Problem to work on:
Please check every line of the listing for "with" and copy each line where it is found.

Records supplied:

◆ ◆ ◆ ◆ ◆ ◆ ◆

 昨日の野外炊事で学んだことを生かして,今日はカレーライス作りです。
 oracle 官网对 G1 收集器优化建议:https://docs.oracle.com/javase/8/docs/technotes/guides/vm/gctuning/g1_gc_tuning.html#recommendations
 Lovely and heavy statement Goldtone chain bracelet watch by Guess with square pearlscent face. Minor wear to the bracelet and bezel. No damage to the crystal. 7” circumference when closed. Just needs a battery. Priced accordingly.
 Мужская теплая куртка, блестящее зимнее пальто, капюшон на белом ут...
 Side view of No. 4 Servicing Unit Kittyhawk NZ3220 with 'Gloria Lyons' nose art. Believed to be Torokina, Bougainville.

◆ ◆ ◆ ◆ ◆ ◆ ◆

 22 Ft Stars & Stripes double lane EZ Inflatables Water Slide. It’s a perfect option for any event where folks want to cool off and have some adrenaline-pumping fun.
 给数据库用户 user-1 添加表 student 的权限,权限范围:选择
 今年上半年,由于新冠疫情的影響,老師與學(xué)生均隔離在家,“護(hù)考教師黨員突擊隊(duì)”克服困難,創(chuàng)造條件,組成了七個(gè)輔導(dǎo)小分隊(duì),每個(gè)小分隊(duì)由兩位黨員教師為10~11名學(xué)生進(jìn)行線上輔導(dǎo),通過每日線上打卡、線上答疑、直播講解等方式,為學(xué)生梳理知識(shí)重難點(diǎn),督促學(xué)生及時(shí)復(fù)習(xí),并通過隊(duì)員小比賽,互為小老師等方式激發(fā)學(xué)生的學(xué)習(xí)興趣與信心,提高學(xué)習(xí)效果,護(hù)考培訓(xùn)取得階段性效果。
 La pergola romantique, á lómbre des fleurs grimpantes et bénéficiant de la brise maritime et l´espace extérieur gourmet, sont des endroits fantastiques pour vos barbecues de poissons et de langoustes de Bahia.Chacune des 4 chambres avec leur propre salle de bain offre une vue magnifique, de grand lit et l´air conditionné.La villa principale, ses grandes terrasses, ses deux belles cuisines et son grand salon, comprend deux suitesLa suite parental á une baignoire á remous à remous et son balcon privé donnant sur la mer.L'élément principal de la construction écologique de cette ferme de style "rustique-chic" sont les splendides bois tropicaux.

◆ ◆ ◆ ◆ ◆ ◆ ◆

Your response:
 Lovely and heavy statement Goldtone chain bracelet watch by Guess with square pearlscent face. Minor wear to the bracelet and bezel. No damage to the crystal. 7” circumference when closed. Just needs a battery. Priced accordingly.
 Side view of No. 4 Servicing Unit Kittyhawk NZ3220 with 'Gloria Lyons' nose art. Believed to be Torokina, Bougainville.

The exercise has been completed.